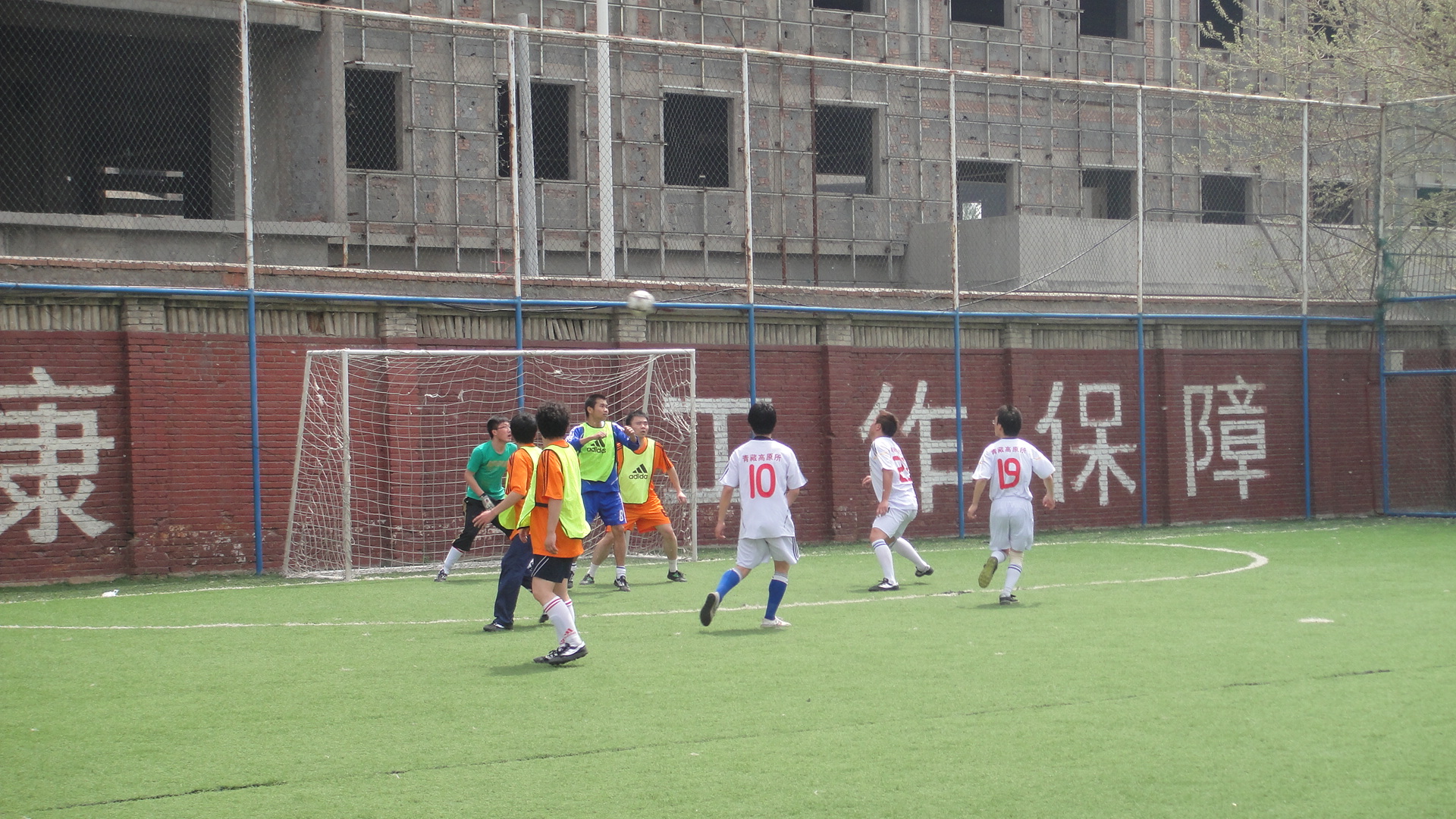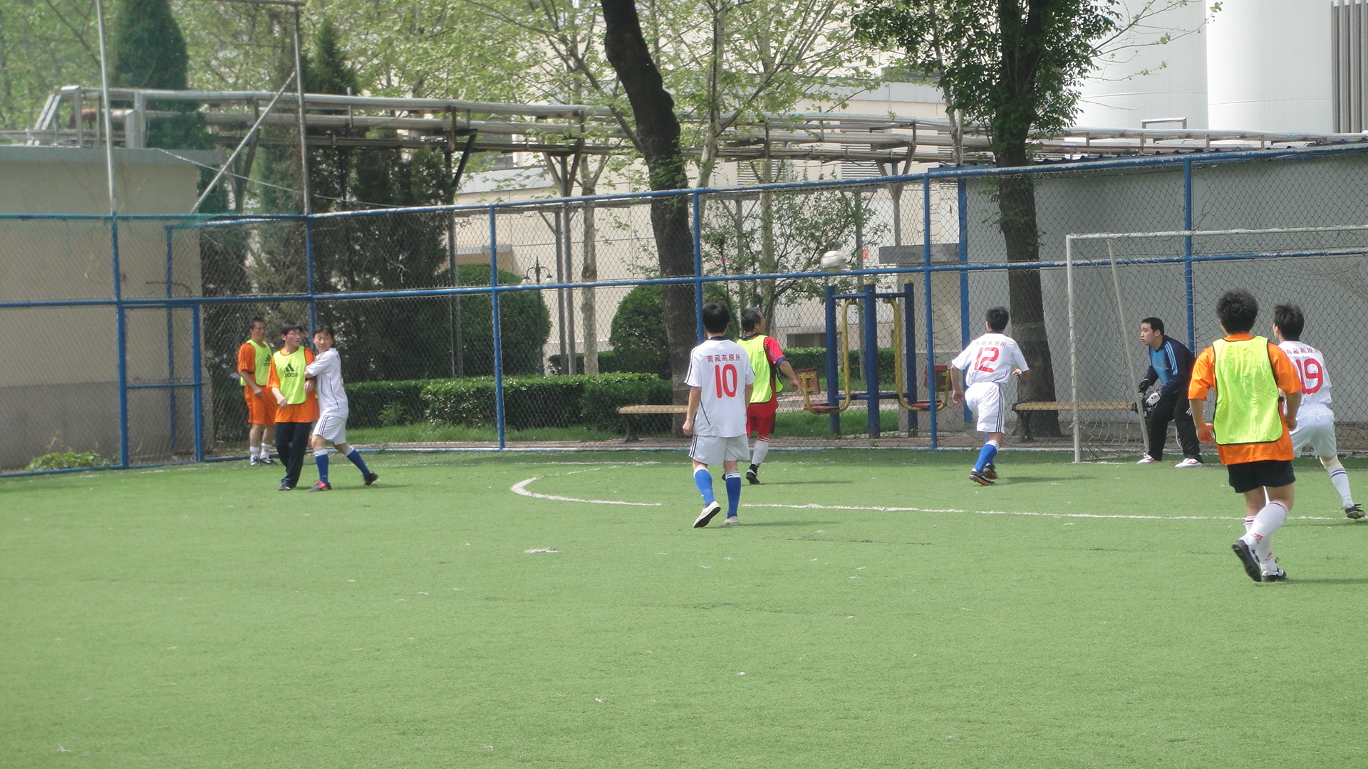 对阵青藏高原所时,我队赛前合理安排战术,坚定必胜信心。果然上半场开场之后,我队展现了强大的攻势,完全占据主动,创造出很多破门良机。下半场经过精心组织配合,在对方禁区前获得前场任意球,冯小波主罚穿越人墙,王根身补射打到对方后卫腿上折射入网,1:0,我队取得了领先。之后,全体队员越战越勇,并创造了一些更好的进球机会,但可惜至终场也未能再扩大战果。凭借着1:0这个比分,完成了我所足球队正式比赛的首场胜利。
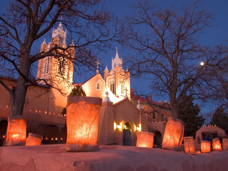 古城阿尔伯克基在圣诞节看起来仍然像它300多年前初建造时的样子。今天,这里仍然有很多普韦布洛-西班牙式建筑风格的纪念品商店和精品店。
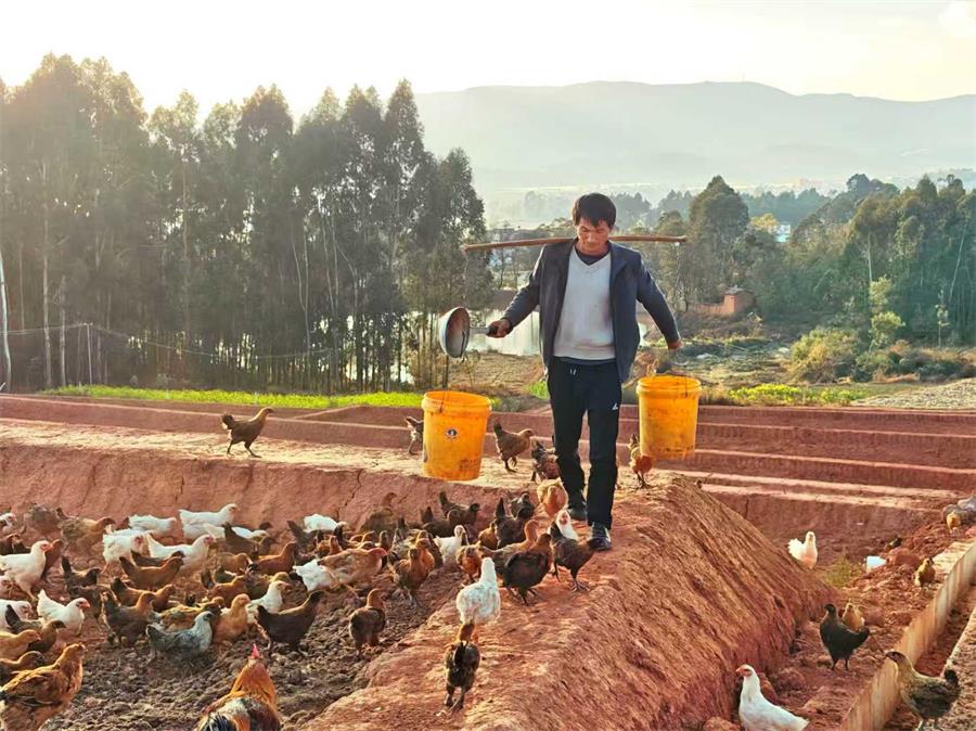 2021年,代光双在自家承包的120亩山地上,开启了养鸡创业之路,“林—鸡—菜”微型生态循环系统悄然成型。2022年至2023年,他家烟叶种植面积从18亩增加至70余亩,直到2025年已形成“烤烟—油菜—玉米”的多元发展模式。
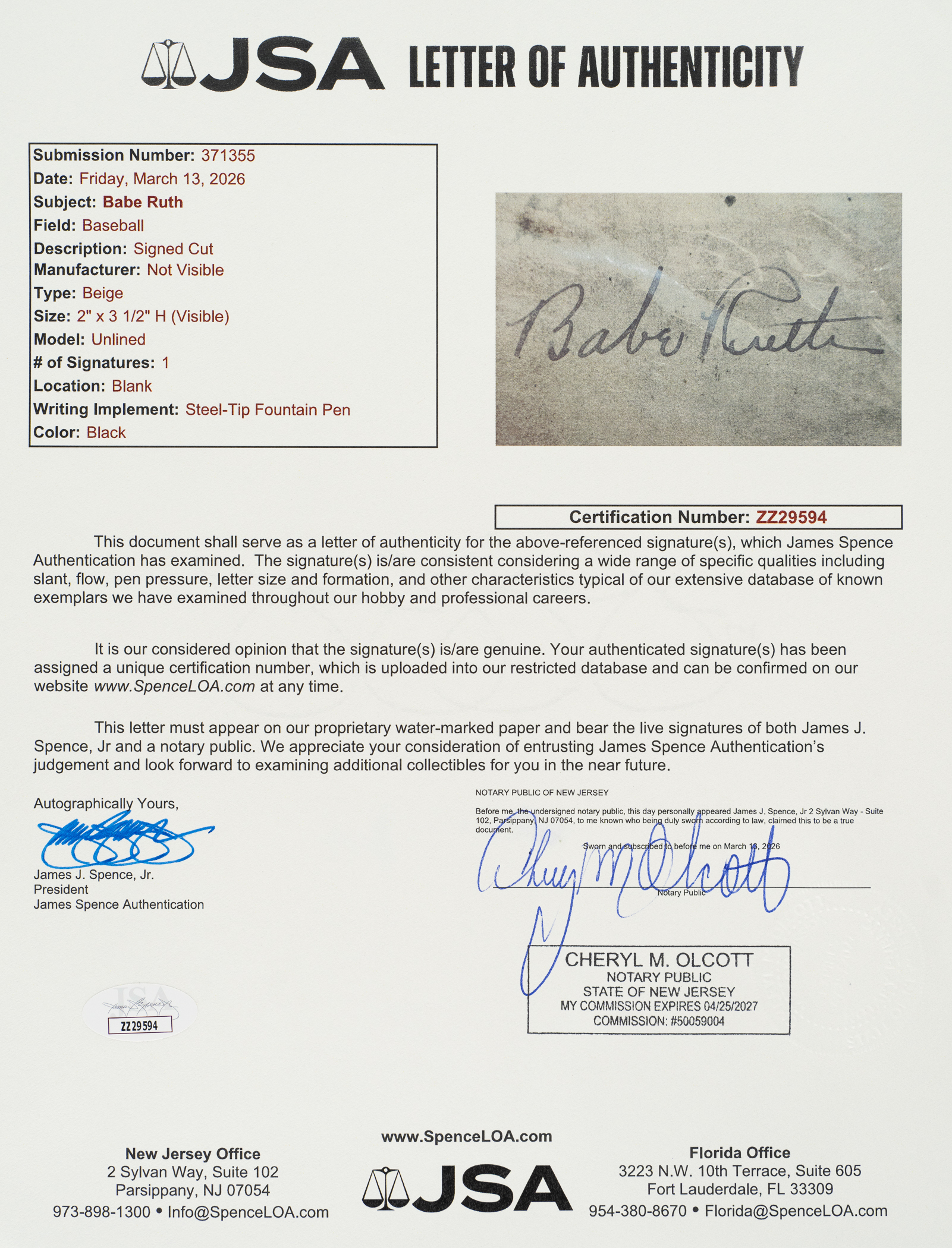 This decorative wall display is comprised of a Babe Ruth cut signature matted together with a poster of Ruth in his Yankees uniform. The signature is scripted in black fountain pen on a segment of an index card. The index-card segment (3.5 x 2 inches) is in Good condition and has been affixed to a larger, black-colored backing. The poster (20.5 x 24.25 inches, visible dimensions), which is matted above the signature, is in apparent Near Mint condition. This is an outstanding Ruth signature example, made all the more appealing by its attractive manner of presentation. Total dimensions: 25 x 30.5 inches. Full LOA from James Spence/JSA. The size/weight of this item requires that there will be an additional shipping charge for this lot.
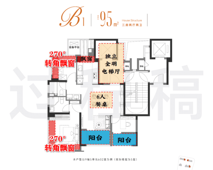 在建面约95㎡的3房中,与建面108㎡户型在设计理念上有许多的共通之处。

# [EXERCISE GOAL]
Give back exactly the lines from the top of the records to the line containing "古城阿尔伯克基在圣诞节看起来", both included, and no pictures.

# [OUTPUT OF THE TASK]
 对阵青藏高原所时,我队赛前合理安排战术,坚定必胜信心。果然上半场开场之后,我队展现了强大的攻势,完全占据主动,创造出很多破门良机。下半场经过精心组织配合,在对方禁区前获得前场任意球,冯小波主罚穿越人墙,王根身补射打到对方后卫腿上折射入网,1:0,我队取得了领先。之后,全体队员越战越勇,并创造了一些更好的进球机会,但可惜至终场也未能再扩大战果。凭借着1:0这个比分,完成了我所足球队正式比赛的首场胜利。
 古城阿尔伯克基在圣诞节看起来仍然像它300多年前初建造时的样子。今天,这里仍然有很多普韦布洛-西班牙式建筑风格的纪念品商店和精品店。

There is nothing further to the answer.